Advocates estimate dozens of community gardens are tangled up in private liens. Negotiations and a GoFundMe are afoot.
1 year ago
Some of Philadelphia’s community gardens will have a better chance at survival after the city struck a deal to gain control over whether and when the lots are sold at sheriff sale.
“This will be so fulfilling to finally relax and know that we don’t have to be in jeopardy of losing the garden,” said Elizabeth Waring, manager of the Holly Street Neighbors Community Garden in West Philadelphia, part of which is encumbered by privately held liens. “We’ve been in jeopardy for some time.”
Many community gardens in Philly are at risk of being lost to development because they’re on lots that aren’t owned by the gardeners. A Black- and brown-led coalition of growers and advocates and an urban design firm working on the city’s first urban agriculture plan estimated in 2020 that 1 in 3 active farms in Philly could be threatened by gentrification.
The vacant lots considered particularly at risk are those with liens held not by the city, but by a private company that could bring the lots to sheriff sale at any time in order to collect on their debt. The liens were sold by the city as part of a 1997 deal that generated a short-term influx of funds but did not fully pan out, leaving the city to default on bonds and leaving thousands of tax-delinquent lots to be sold off or suspended in limbo.
Under the deal announced Tuesday, the city agreed to buy back 91 of these liens — mainly in West, Southwest, and North Philly — for over $1.1 million.
“Community gardens aren’t luxuries, they have the potential to address serious needs like access to affordable healthy food, violence reduction, and community development,” said Mayor Jim Kenney in an emailed statement. “The City is committed to building thriving neighborhoods and enhancing the quality of life for all residents.”
Nearly half of the parcels covered by the deal are in Councilmember Jamie Gauthier’s West and Southwest Philly district.
“It’s huge,” she said. “We are securing these vital community spaces that provide respite, that provide food, that provide places for neighbors to connect. … We’re protecting them [from] development and we’re putting them in the rightful ownership of the folks who have been stewarding and tending this land for so long.”
But advocates say the 91 garden parcels are just a fraction of the total number of vacant lots with privately held liens that Philadelphians currently steward or use as outdoor recreational spaces.
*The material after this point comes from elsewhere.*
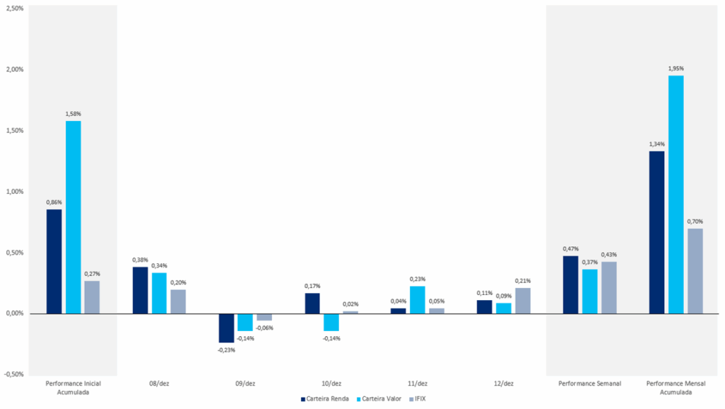 O destaque da semana na Carteira Valor foi o BTHF11, com alta de 1,34%. Na Carteira Renda, o melhor desempenho veio do RZAT11, que subiu 2,25%.

Staff in Councilmember Kendra Brooks’ office, working with community organizers, estimated last year that 400 to 500 of these lots are currently used as side yards.
Last spring, Brooks proposed adding $10 million to the city budget in order to buy back the liens on hundreds of properties — both community gardens and side yards — to eventually transfer to the Philadelphia Land Bank.
“There are a lot of lot stewards that are involved in our campaign that aren’t in this deal,” said Ryan Gittler-Muñiz, a Kensington resident and a land security volunteer at César Andreu Iglesias Community Garden. “This is really exciting — like, our garden land is being secured and some of our side yard stewards are also winning in this deal — but others aren’t. … We want to include everyone and we definitely want more.”
Diane Banks said the side yard next to her home in East Germantown has gone up for sheriff sale before, but it’s been too expensive for her to purchase. She continues to keep it clean, and said she wishes it could belong to her block.
“Let the kids in my block have some place to go,” she said.
This week’s deal does not mean gardeners automatically control the land. But staff in Councilmember Brooks’ office say they’re working with the city to develop a path to ownership, which could include the Philadelphia Land Bank acquiring the land, then transferring it to gardeners and community groups.
“Once we do that, the city will outright own those parcels and be able to transfer them to community ownership,” Gauthier said.